Like some flat kites, most dragon kites are composite, meaning they are many kites tied together. Dragon kites have a head that showcases the head of the dragon, and the tails, which are composite kites, all in a three-dimensional shape. However, unlike most flat kites, composite dragon kites are always compulsory. The reasoning behind this necessity is that dragon kites are incredibly long.
Box Kites
Box kites are another type of three-dimensional kite that sports a peculiar design language. Also called cellular kites due to their cell-like design (not to be confused with parafoils), box kites typically do not have a tail and have an opening on each end, one at the end and another on the rear.
Although called box kites, they do not have to be exclusively cubes. Many come in different shapes, such as hexagonal, tetrahedral, and even triangular patterns. They typically sport tons of frames that keep the kite its shape.
Box kites are hard to make, needing a lot of assemblies compared to other kites. Consequently, box kites are known for difficulty in navigating and maneuvering. However, what makes most box kite enthusiasts psyched for the project is that box kites typically are amazing to look at and typically steal the show.
Parafoil Kites
Foil kites are a specific type of kite initially roughly based on the design language of the parafoil.

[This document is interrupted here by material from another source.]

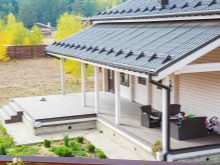 Материалите, използвани за завършване на къщата за сауна с вътрешен двор, също са много важни. Всъщност верандата е открита площ, която е снабдена с покрив, за да се предпази от слънцето и атмосферните влияния. Покривният материал на терасата може да бъде същият като този на сауната или дори на пристройката.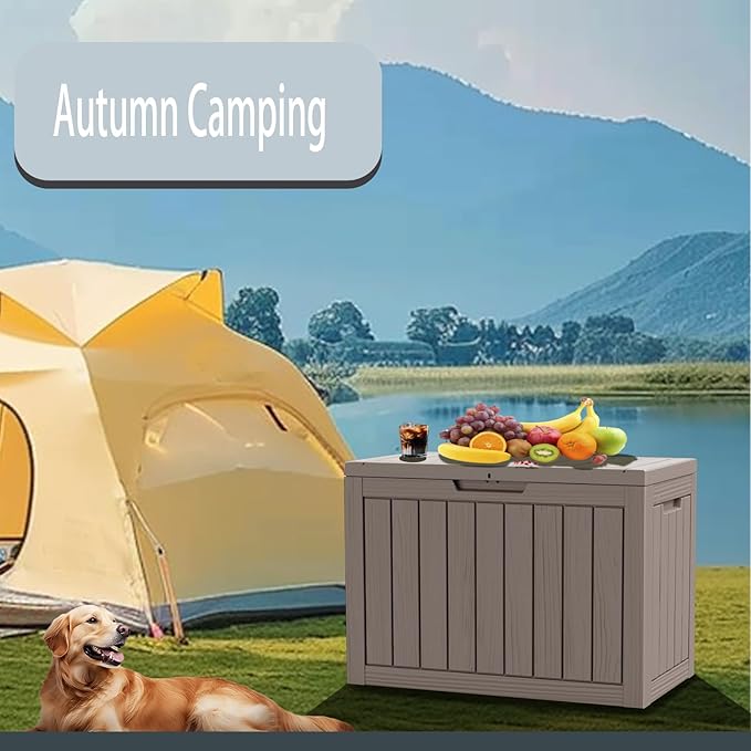 - Our deck box offers an impressive storage capacity, perfect for organizing patio cushions, pool accessories, gardening tools and more. This multipurpose storage solution not only helps keep your outdoor space tidy but also functions as a bench or table. Whether in your backyard or on the patio, this deck box is designed to meet your every need.

These kites consist of a series of cells that run fore and aft, with some or all of them open at the front to enable air to inflate the kite and form an aerofoil section, creating a significant lift. Because of the amount of power these kites can produce, one may use them for various activities such as leisure kiting, kite-energy systems, airborne wind energy, kite landboarding, snowkiting, and kitesurfing.
Sled Kites
A sled kite is a form of kite that predates the contemporary foil kite design. Furthermore, this kite helped pave the way for a class of kites known as “semi-rigid.” These kites sport a unibody design, which later created problems in its development and adaptation phase.
The sled kite was designed and patented in the 1950s by an American named William Allison. At the time, kites featured simply vertical spars. Because of such design, design flaws existed that would affect the kite’s ability to fly. Consequently, the kite would curl into a semi-circle because of the heavy drag caused by high wind pressure opposing the direction of the sled kite.
Hybrid Kites
Due to new industrial machinery that helped spark more innovative and less conventional shapes and designs, manufacturers can now create kites based on the needs and wants of a consumer base. These kites, which do not adhere to traditional design languages, are called hybrid kites. Hybrid kites are a type that manufacturers create, most often specifically for a particular purpose. By combining basic shapes and design philosophies, kite companies have created this new generation of kites that help target a niche audience.
Summary
Kites are a euclidian geometry-shape with two pairs of congruent sides to their adjacent. On the other hand, the parallelogram has two pairs of congruent sides parallel. Meanwhile, a trapezoid is a quadrilateral with one pair of parallel sides. A kite can only be a trapezoid or a parallelogram when it is under the classification of a rhombus.
A rhombus is a shape that has all sides equal to each other. It is similar to a square, but a square must have all four angles be ninety degrees. Meanwhile, a rhombus is not limited to such a specification.
Let’s talk about kites (the toy). Most two-dimensional kites, especially delta kites, are easy to fly and have a significant lift while lessening weight. For a kite to fly, the aerodynamic forces, the lift, the weight, the drag, and the thrust, must all be appropriately balanced.
If you are not concerned with the ease of using a kite or the amount of lift produced, unconventional kites such as the box and sled kites may be a spectacle to watch for you.